The expression evaluator consist of four parts. The Lexer that reads every character, the Parser that builds the expression parts the infix to postfix converter and the evaluator that takes the expression parts and evaluates it to a specific result. I want to start with a description of the lexer. It is a so called LL(k) lexer that means it left associative and starts with the first left character. The k means how many character the lexer can look ahead. In this case it is only one character. Here is the class diagram of the lexer.

SimpleExpressionEvaluatorLexer

In the Lexer class i have implementet the basis functionality for a LL(k) lexer. The ExpressionEvaluatorLexer class contains the specific implementation for the expression evaluator. The most importand part is the NextToken method that reads character after character and builds Tokens out of the characters. Here is the code for the NextToken method.

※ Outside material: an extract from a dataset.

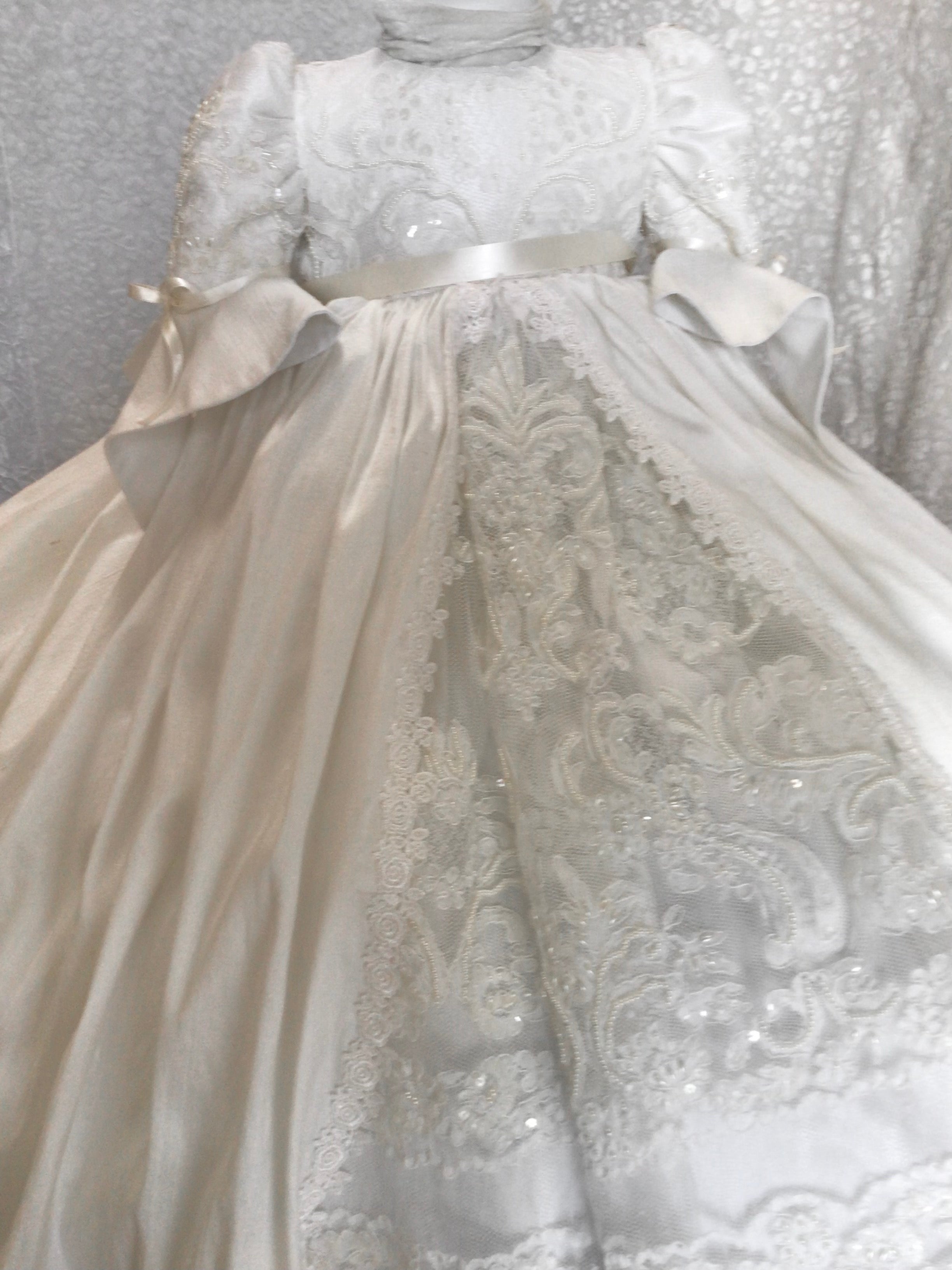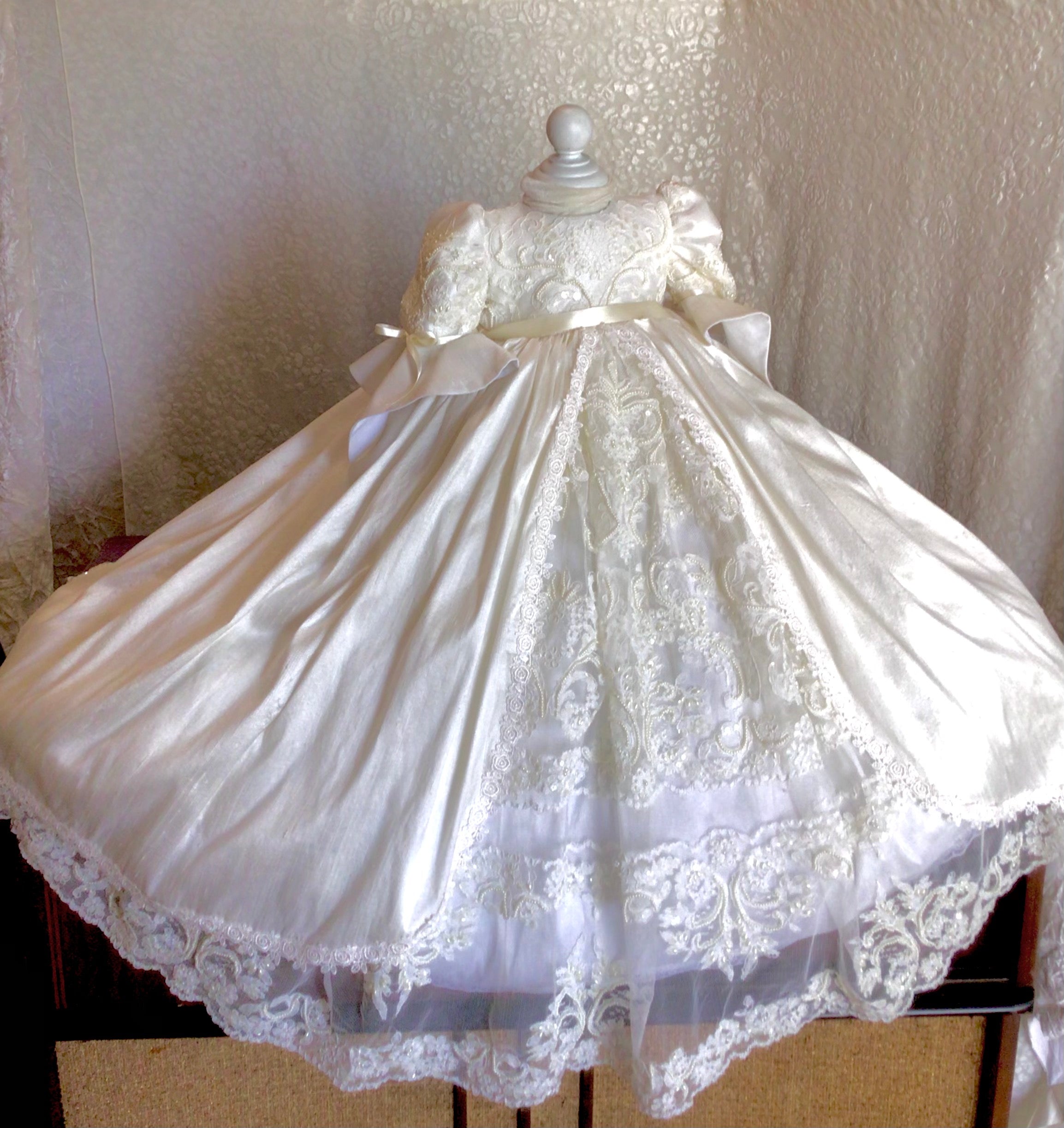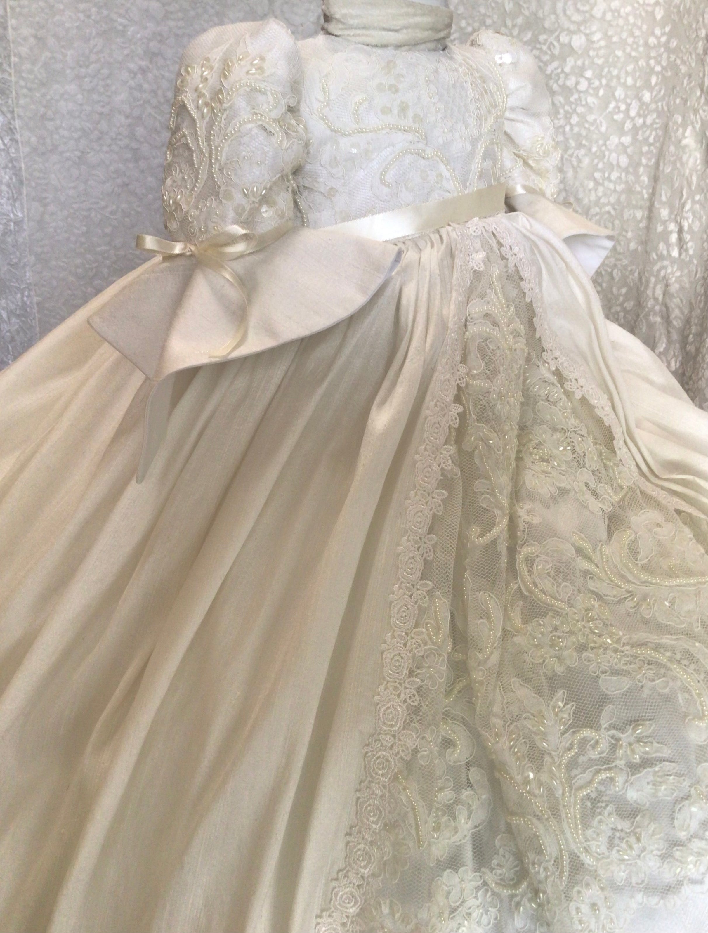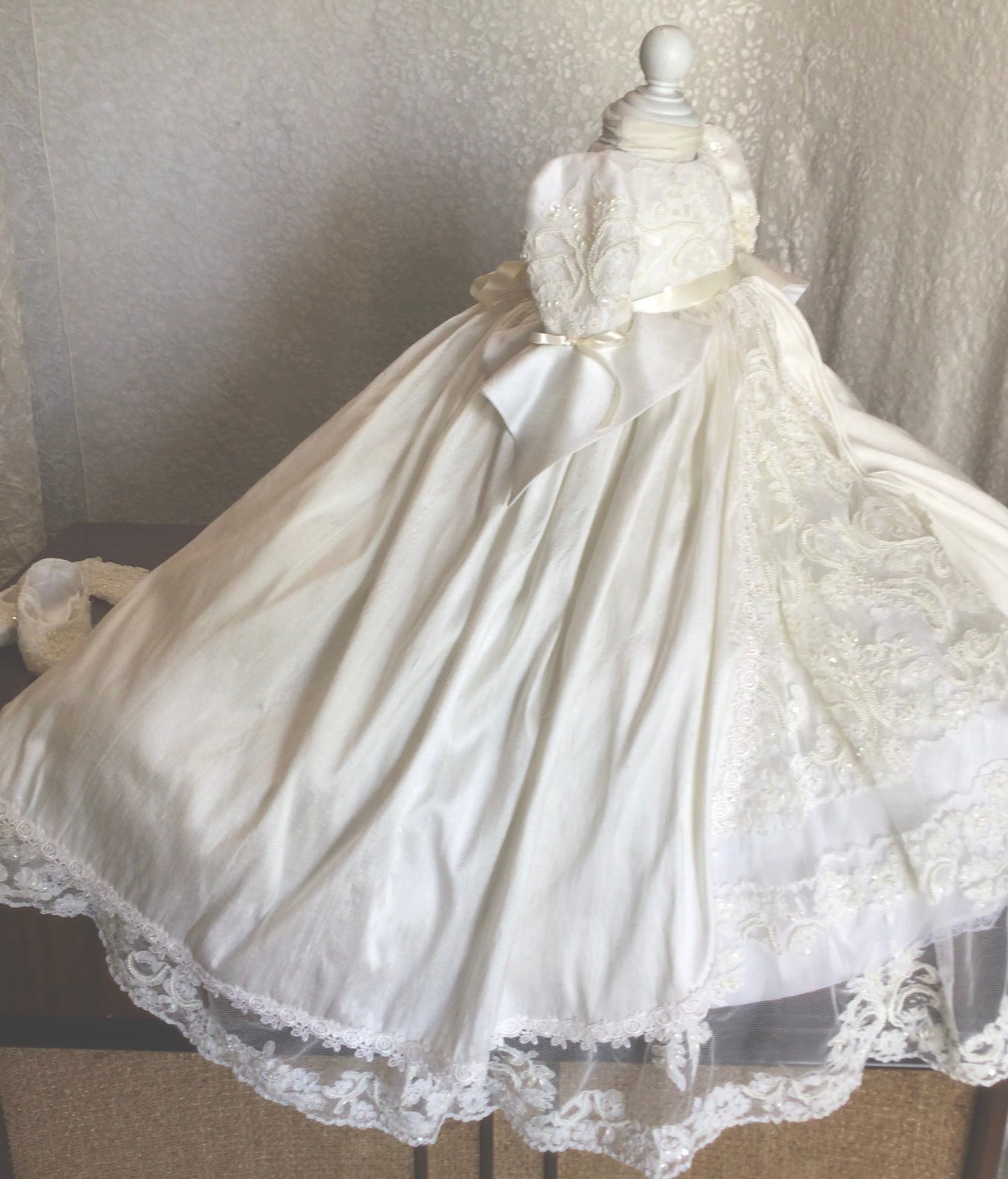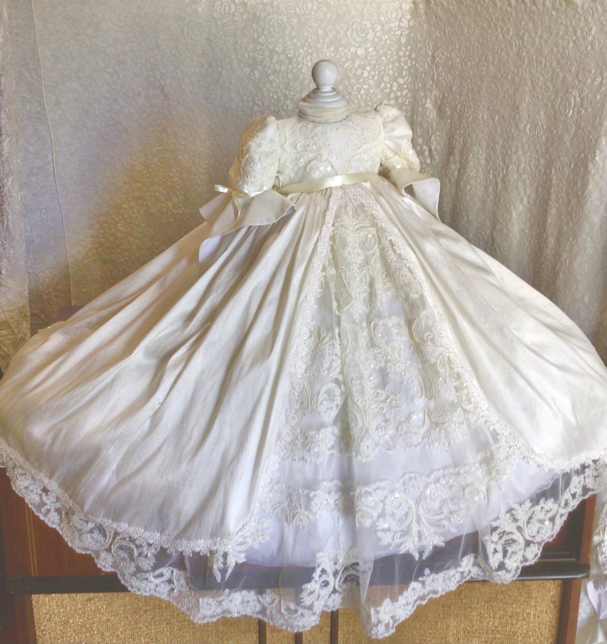 Celebrate your baby's special occasion with this elegant vintage-inspired Victorian heirloom baptism gown, handcrafted in the USA. The gown features luxurious fabrics and exquisite details for a timeless look: • 100% silk • Hand-beaded lace overlay • Built-in crinoline for volume Additional highlights include 3/4 puffed sleeves, a dramatic 90” wide skirt, a classic open-back closure, and full lining for comfort. Available in white and antique white, this couture gown pairs beautifully with matching accessories available by preorder.

public override Token NextToken()
{
    while (lookahead[lookaheadIndex] != EOF)
    {
        switch (lookahead[lookaheadIndex])
        {
            case '.': ConsumeItem(); return new Token(TokenType.POINT, ".");
            case '+': ConsumeItem(); return Plus();
            case '-': ConsumeItem(); return Minus();
            case '*': ConsumeItem(); return Multibly();
            case '/': ConsumeItem(); return Divide();
            case '%': ConsumeItem(); return Modulo();
            case '<': ConsumeItem(); return Smaller();
            case '>': ConsumeItem(); return Greater();
            case '=': ConsumeItem(); return Equal();
            case '!': ConsumeItem(); return Unequal();
            case '"': ConsumeItem(); return String();
            case '\'': ConsumeItem(); return SingleQuoteString();
            case '|': ConsumeItem(); return Or();
            case '&': ConsumeItem(); return And();                    
            case '(': ConsumeItem(); return new Token(TokenType.OPENBRACKET, "(");
            case ')': ConsumeItem(); return new Token(TokenType.CLOSEBRACKET, ")");
            default:                        
                if (IsLetter())
                {
                    return Terminal();
                }
                if (IsNumber())
                {
                    return Number();
                }
                if (IsWhitespace())
                {
                    ConsumeItem();
                    continue;
                }
                throw new Exception("invalid character." + lookahead[lookaheadIndex]);
        }
    }
    return new Token(TokenType.EOF, "<EOF>");
}

As we see it is a loop that loops every character in the lookahead char array. If it finds a specific character for example a digit, the lexer assumes that it has an integer or an double. So i calls the Number method.

private Token Number()
{
    bool hasPoint = false;
    StringBuilder stringBuilder = new StringBuilder();
    while (IsNumber() || IsPoint() || IsExponent())
    {
        if (IsPoint())
        {
            hasPoint = true;
        }
        stringBuilder.Append(lookahead[lookaheadIndex]);
        ConsumeItem();
    }
    if (hasPoint)
        return new Token(TokenType.DOUBLE, stringBuilder.ToString());
    return new Token(TokenType.INTEGER, stringBuilder.ToString());
}

The Number method tries to find out if the text is a integer or a double and it returns an integer or an double Token with the value it read. The lexer does this for every character and the parser controls the lexer and tells it to read the next token. That means the lexer does not read every character in the character array, it reads it token by token. If it has identified one token it returns the control back to the parser. Here we see the class diagram of the parser.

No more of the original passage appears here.